If your change your solving function to:

def test_solving_time(mesh: fenics.Mesh):
    # define problem
    V = fenics.FunctionSpace(mesh, "CG", 1)
    expr = fenics.Expression("x[0] < 0.5 ? 1. : 0.", degree=1)
    u = fenics.TrialFunction(V)
    v = fenics.TestFunction(V)
    a = fenics.dot(u, v) * fenics.dx
    L = expr * v * fenics.dx
    u = fenics.Function(V)
    # solve
    fenics.solve(a == L, u, solver_parameters=solver_parameters)

you should get similar timings as projection.

If you use:

    a = fenics.dot(fenics.grad(u), fenics.grad(v)) * fenics.dx
    L = expr * v * fenics.dx
    u = fenics.Function(V)

in your solve function it will be marginally slower than projecting expr which has to do with the efficiency of the solver and preconditioner you are using (on a stiffness matrix and not a mass matrix).

1 Like

Dear Dokken,
Sorry for answering late, I missed the notification of your answer.

Thank you a lot for clarifying!
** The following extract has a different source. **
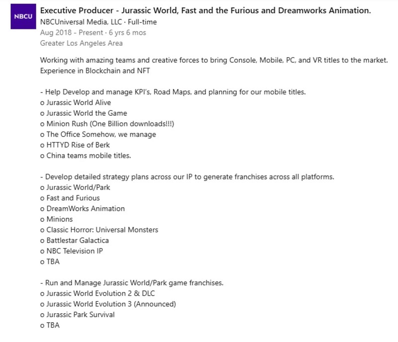 In het profiel van de uitvoerend producent van spelnieuwigheden Universal op Linkedln vonden oplettende gebruikers een vermelding van een nieuw project in het universum van Jurassic World.

Now everything is clear.

To sum up then:

  • using MPI.COMM_SELF makes the code (projecting or solving) run in serial on each process. This explains why observe slower execution compared to MPI.COMM_WORLD.
  • solve is slower than project (yes, I mistyped in my first post, sorry) because inner(grad(u), grad(v))*dx require solve to project to get the gradients.

Correct?

solve in itself is not solver than project, because it does not project to get the gradients. It was only slower because you did a project

of the RHS, which is not required.

Excuse me Dokken, you are perfectly right. Sorry for being distracted.

Anyway, everything is clear now. Thank you a lot for your help!